__BRIEF__.
Reproduce exactly the lines below, starting at the line that contains "The MiG-27 was" and ending with the last line of the records, both included; leave out any pictures.

__INFORMATION SHOWN__.
--- --- ---

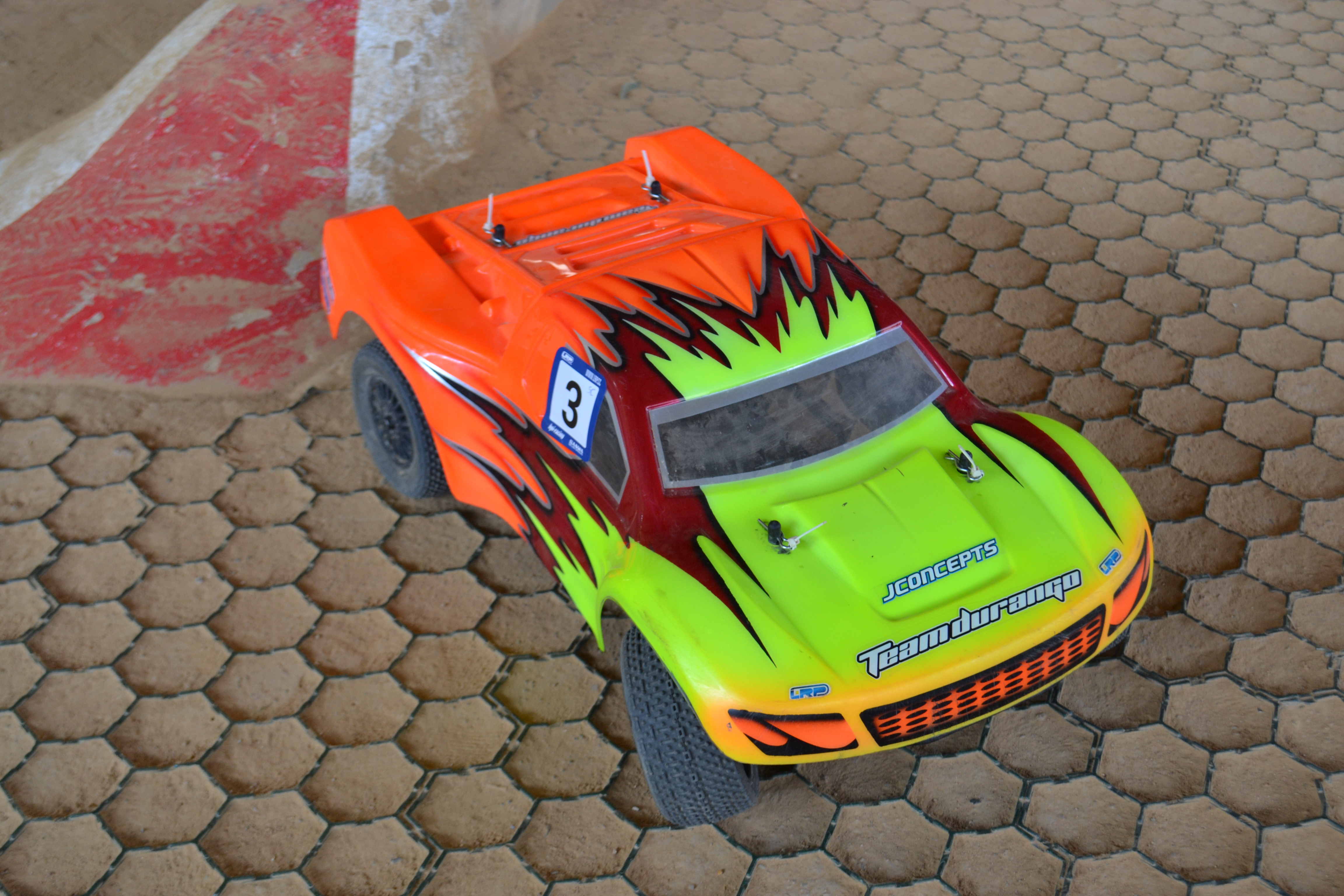 LRP-Offroad-Challenge Short Course (Durango)
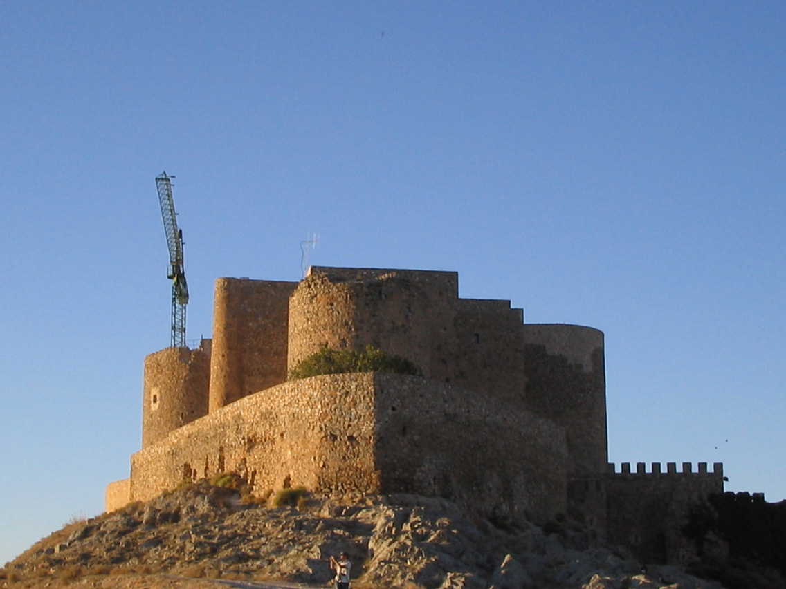 Castle in the town of Consuegra
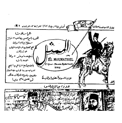 Al Moumathil front/title page, number 41 bis of November 13, 1924
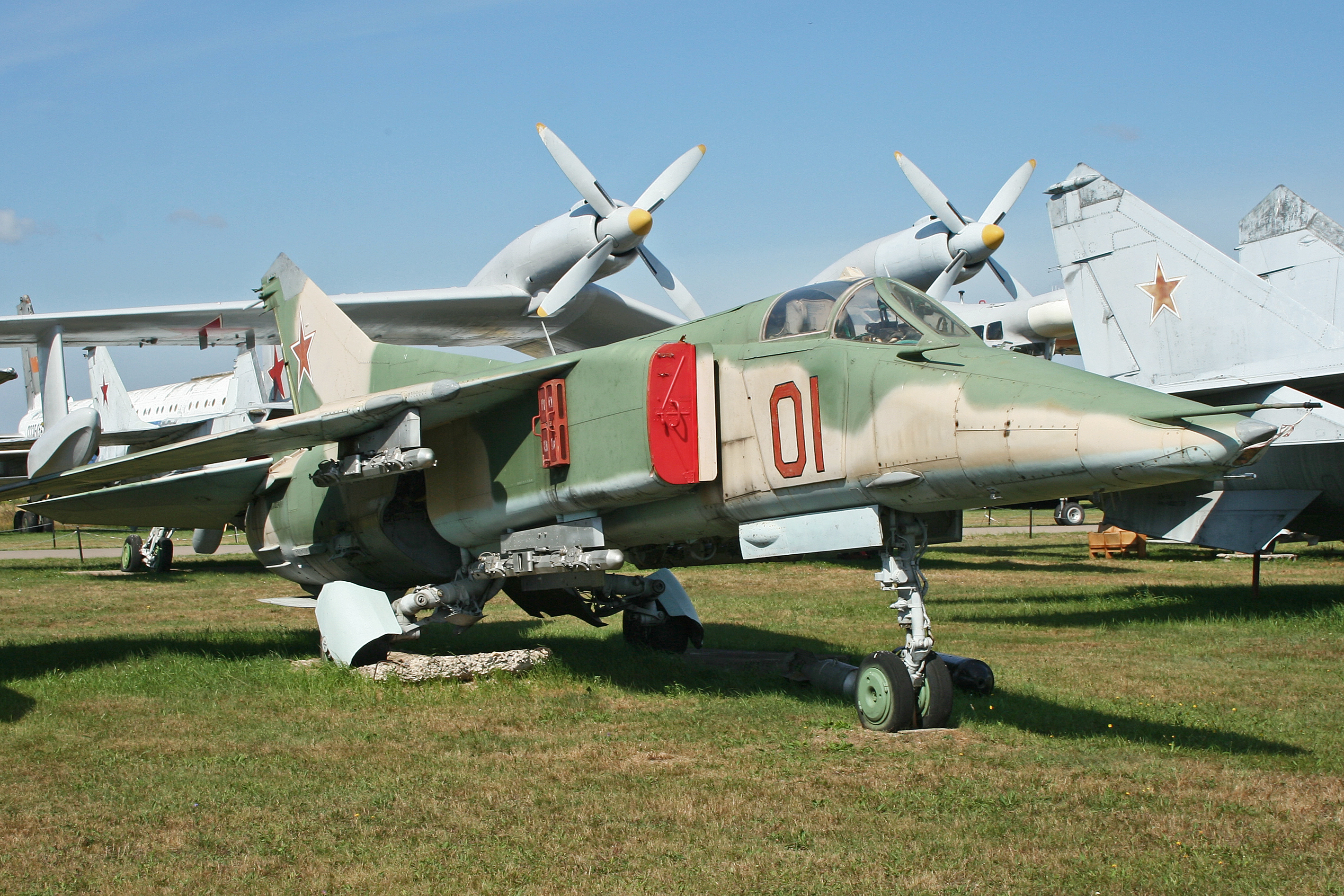 The MiG-27 was a dedicated ground attack version of the MiG-23. Most countries opted for the MiG-23BN instead, so it saw very little service outside of Russia. This aircraft was previously coded '01 yellow'. c/n 61912511018. On display at the Russian Air Force Museum. Monino, Russia. 13-8-2012
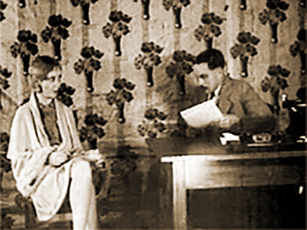 Frame from The Casting Couch (1924)
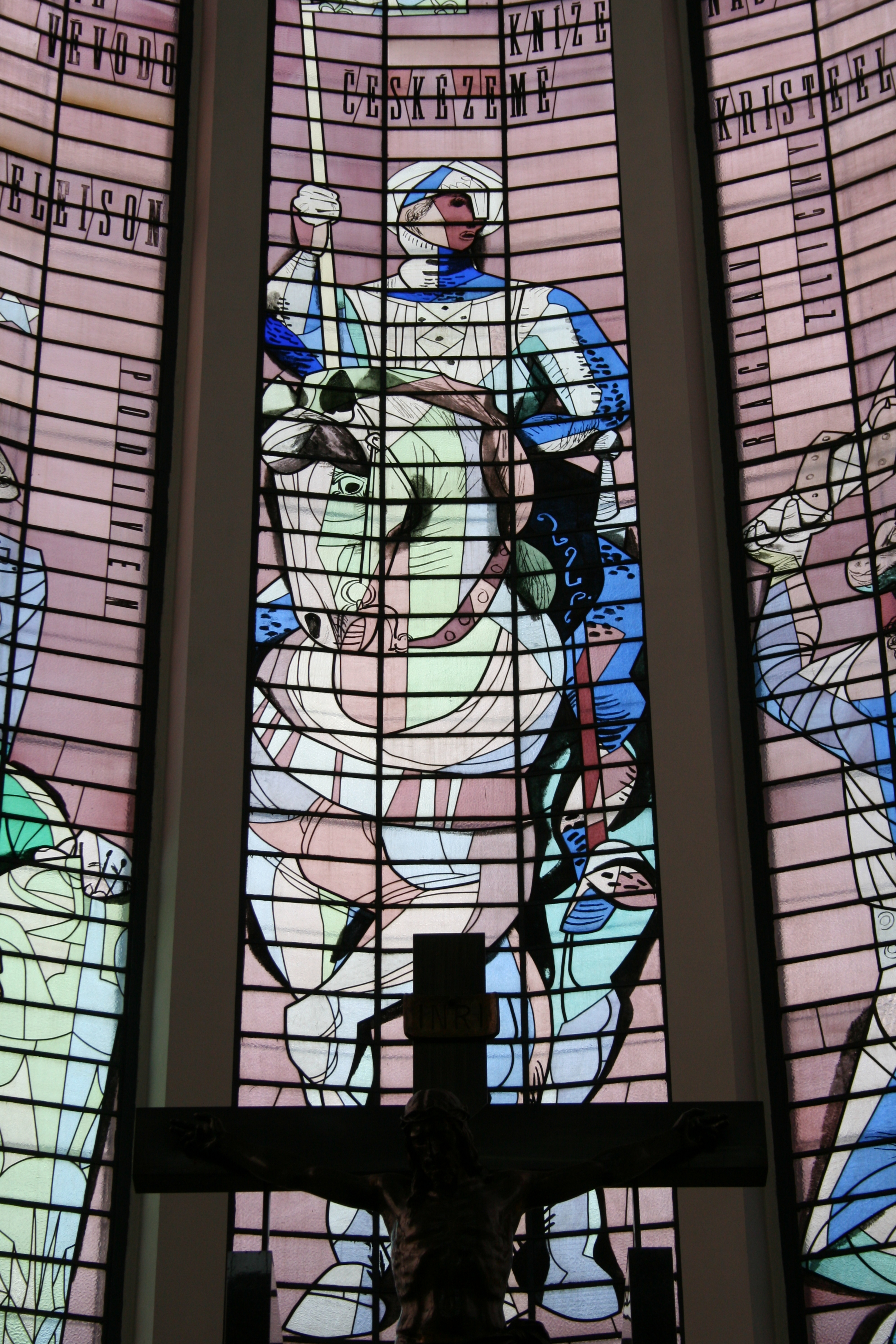 Church of Saint Wenceslaus (Vršovice)

--- --- ---

__RESPONSE__.
 The MiG-27 was a dedicated ground attack version of the MiG-23. Most countries opted for the MiG-23BN instead, so it saw very little service outside of Russia. This aircraft was previously coded '01 yellow'. c/n 61912511018. On display at the Russian Air Force Museum. Monino, Russia. 13-8-2012
 Frame from The Casting Couch (1924)
 Church of Saint Wenceslaus (Vršovice)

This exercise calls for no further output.